After going all-in on a major healthcare initiative, Amazon has decided to completely abandon it altogether.
Amazon is known for its successful e-commerce business. But, the retailer also intended to venture out into the healthcare industry. Amazon Care, an ambitious initiative to provide telehealth services to millions of America, is prematurely closing after only three years. This comes after the retailer made considerable plans to try out telehealth functions in communities nationwide.
Amazon Care was the company’s bold step forward in providing healthcare to everyone in the US. The department was eager to give a doctor, nurse, or practitioner to people 24/7, but that promise has faded. The head of Amazon Health, Neil Lindsay, sent a memo to Amazon Care staff about the department’s closure. He stated that the business model wasn’t the correct “long-term solution” for the public or the company’s best interests.

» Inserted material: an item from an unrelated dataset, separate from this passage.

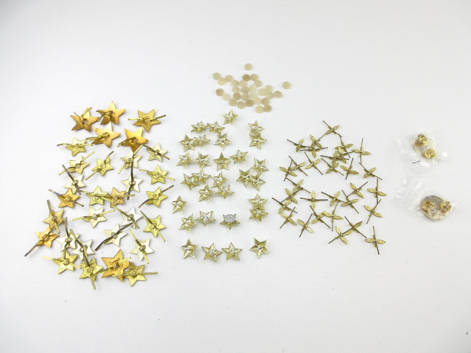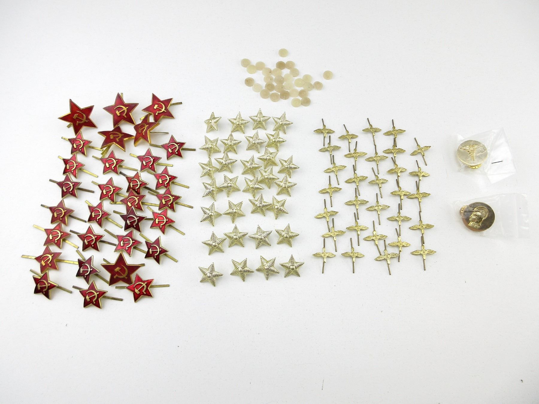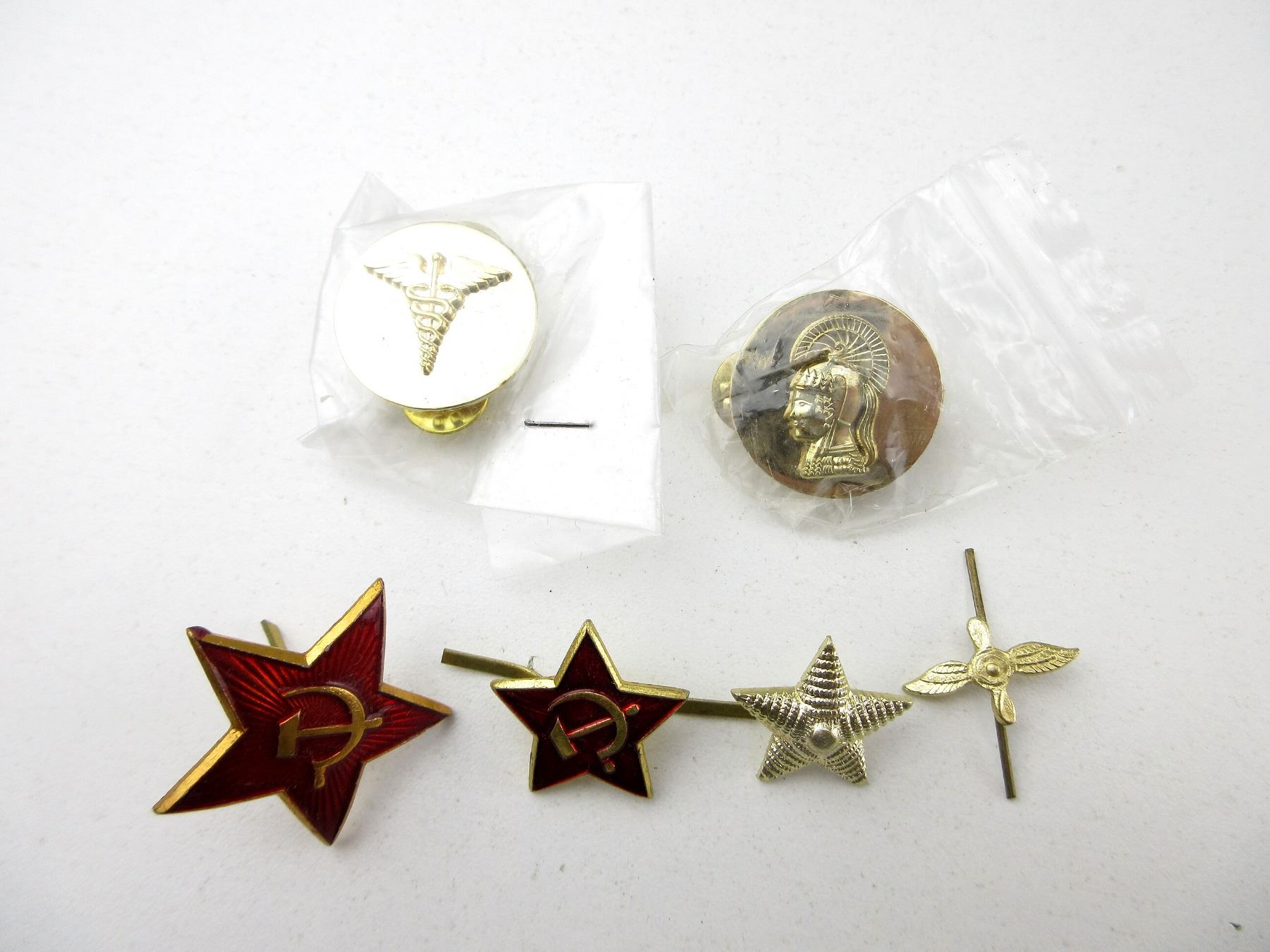 LOT INCLUDES; APPROX. (30) RUSSIAN / COMBLOC RED ENAMELED STARS WITH HAMMER & SICKLE DESIGN BRASS PINS, APPROX. (30) COMBLOC STARS WITH LUG STYLE BACKING, APPROX. (30) RUSSIAN / COMBLOC AIRFORCE PINS, (1) UNKNOWN MILITARY BRASS MEDICAL SYMBOL PIN & (1) UNKNOWN MILITARY BRASS KNIGHT'S HEAD PIN. SEE PHOTOS.

Lindsey went on about the decision to close Amazon Care, stating that the decision to halt the department wasn’t “wasn’t made lightly.” He also talked about how customers of the service were ecstatic about the on-demand care, but there were more issues Amazon needed to tackle before providing nationwide telehealth services. Though the retailer’s stock market value has experienced a reduction in the last couple of years, many believe that Amazon Care’s failure won’t stop the company from trying to enter the public health sector.
Many predicted that Amazon’s next big move would be breaking into the healthcare industry. Recently, the mega-retailer acquired One Medical, an extensive network of healthcare providers. The deal cost Amazon $3.9 billion, one of the most significant acquisitions in US health care history. Buying One Medical was an instrumental deal for Amazon Care’s success since the new telehealth service needed healthcare providers for its on-demand care. It was sensible for the e-commerce giant to buy a company with an existing network of doctors available, but since Amazon Care is going on an indefinite hiatus, it’s unclear what the retailer will do with the acquisition.
Many believe Andy Jessy, the recently appointed CEO after Jeff Bezos, is the one encouraging Amazon’s healthcare industry merger. The retailer is currently in a bidding war for the company Signify Health, a home healthcare provider. This would be the company’s fourth healthcare business transaction in the last several years if properly acquired. It shows a significant shift in Amazon’s financial motives and highlights a more straightforward path toward providing comprehensive telehealth services.
Amazon will need regulatory approval before the deal goes through with Signify Health. Lina Kahn, a substantial critic of the e-commerce giant, is one of the chairs of the Federal Trade Commission who could significantly complicate the acquisition. Though Amazon skeptics are on the FTC board, many believe the Signify Health deal will work out in the retailer’s favor. If the FTC blocks the acquisition, the company may go to court to weaken the antitrust regulators’ opposition.
Though Amazon currently has backed off its promise to provide nationwide on-demand healthcare services, it doesn’t seem like the e-commerce giant will be backing out of the health industry. After three significant acquisitions, the company is pivoting towards healthcare business ventures to elevate its financial position and transform itself into a public health necessity.